Re: [PATCH] mm/gup: Use put_user_page*() instead of put_page*()

From: John Hubbard
Date: Sun Jul 14 2019 - 19:33:51 EST


On 7/14/19 12:08 PM, Bharath Vedartham wrote:
> This patch converts all call sites of get_user_pages
> to use put_user_page*() instead of put_page*() functions to
> release reference to gup pinned pages.

Hi Bharath,

Thanks for jumping in to help, and welcome to the party!

You've caught everyone in the middle of a merge window, btw. As a
result, I'm busy rebasing and reworking the get_user_pages call sites,
and gup tracking, in the wake of some semi-traumatic changes to bio
and gup and such. I plan to re-post right after 5.3-rc1 shows up, from
here:

https://github.com/johnhubbard/linux/commits/gup_dma_core

...which you'll find already covers the changes you've posted, except for:

drivers/misc/sgi-gru/grufault.c
drivers/staging/kpc2000/kpc_dma/fileops.c

...and this one, which is undergoing to larger local changes, due to
bvec, so let's leave it out of the choices:

fs/io_uring.c

Therefore, until -rc1, if you'd like to help, I'd recommend one or more
of the following ideas:

1. Pull down https://github.com/johnhubbard/linux/commits/gup_dma_core
and find missing conversions: look for any additional missing
get_user_pages/put_page conversions. You've already found a couple missing
ones. I haven't re-run a search in a long time, so there's probably even more.

a) And find more, after I rebase to 5.3-rc1: people probably are adding
get_user_pages() calls as we speak. :)

2. Patches: Focus on just one subsystem at a time, and perfect the patch for
it. For example, I think this the staging driver would be perfect to start with:

drivers/staging/kpc2000/kpc_dma/fileops.c

a) verify that you've really, corrected converted the whole
driver. (Hint: I think you might be overlooking a put_page call.)

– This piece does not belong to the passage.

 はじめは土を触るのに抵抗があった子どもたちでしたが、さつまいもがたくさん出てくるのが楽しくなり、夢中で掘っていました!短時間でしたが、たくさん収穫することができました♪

b) Attempt to test it if you can (I'm being hypocritical in
the extreme here, but one of my problems is that testing
has been light, so any help is very valuable). qemu...?
OTOH, maybe even qemu cannot easily test a kpc2000, but
perhaps `git blame` and talking to the authors would help
figure out a way to validate the changes.

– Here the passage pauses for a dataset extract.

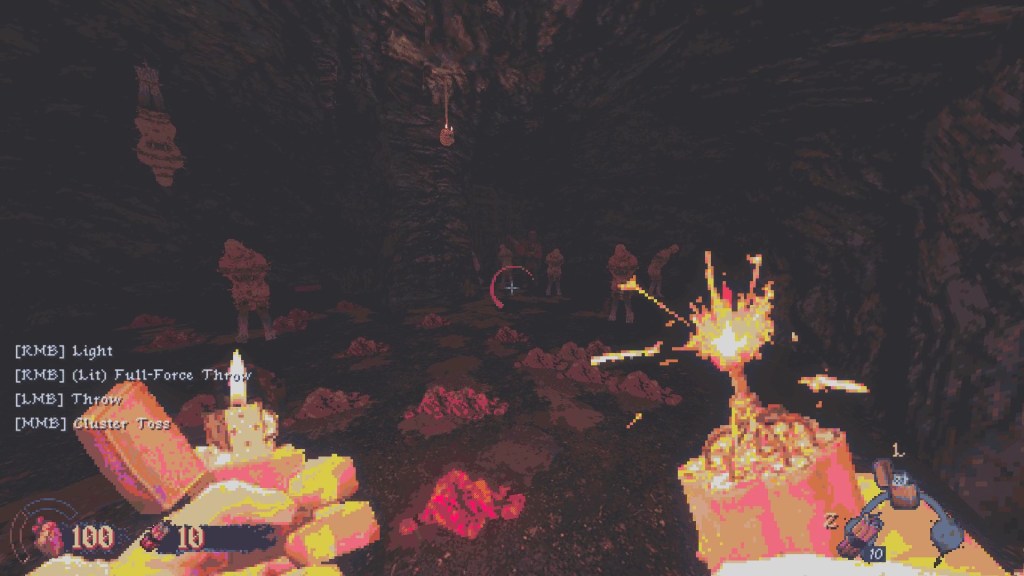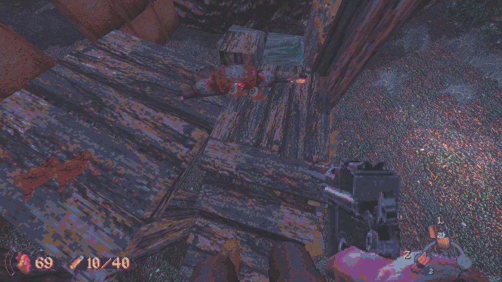 The shooting is also really good. Enemies throw axes, shoot guns and sometimes throw molotovs, so being quick and accurate is key to winning fights. Lots of enemies are out and about and it is easy to get caught up and die, and firefights can get quite intense which makes for a really good feeling when you come out just barely alive. The sound of a headshot in Cultic is top tier and looking at the ground to see that their eyeballs are looking right at me is just blissfully horrifying.

Thinking about whether you can run a test that would prove or
disprove my claim in (a), above, could be useful in coming up
with tests to run.

In other words, a few very high quality conversions (even just one) that
we can really put our faith in, is what I value most here. Tested patches
are awesome.

3. Once I re-post, turn on the new CONFIG_DEBUG_GET_USER_PAGES_REFERENCES
and run things such as xfstest/fstest. (Again, doing so would be going
further than I have yet--very helpful). Help clarify what conversions have
actually been tested and work, and which ones remain unvalidated.

Other: Please note that this:

https://github.com/johnhubbard/linux/commits/gup_dma_core

a) gets rebased often, and

b) has a bunch of commits (iov_iter and related) that conflict
with the latest linux.git,

c) has some bugs in the bio area, that I'm fixing, so I don't trust
that's it's safely runnable, for a few more days.

One note below, for the future:

>
> This is a bunch of trivial conversions which is a part of an effort
> by John Hubbard to solve issues with gup pinned pages and
> filesystem writeback.
>
> The issue is more clearly described in John Hubbard's patch[1] where
> put_user_page*() functions are introduced.
>
> Currently put_user_page*() simply does put_page but future implementations
> look to change that once treewide change of put_page callsites to
> put_user_page*() is finished.
>
> The lwn article describing the issue with gup pinned pages and filesystem
> writeback [2].
>
> This patch has been tested by building and booting the kernel as I don't
> have the required hardware to test the device drivers.
>
> I did not modify gpu/drm drivers which use release_pages instead of
> put_page() to release reference of gup pinned pages as I am not clear
> whether release_pages and put_page are interchangable.
>
> [1] https://lkml.org/lkml/2019/3/26/1396

When referring to patches in a commit description, please use the
commit hash, not an external link. See Submitting Patches [1] for details.

Also, once you figure out the right maintainers and other involved people,
putting Cc: in the commit description is common practice, too.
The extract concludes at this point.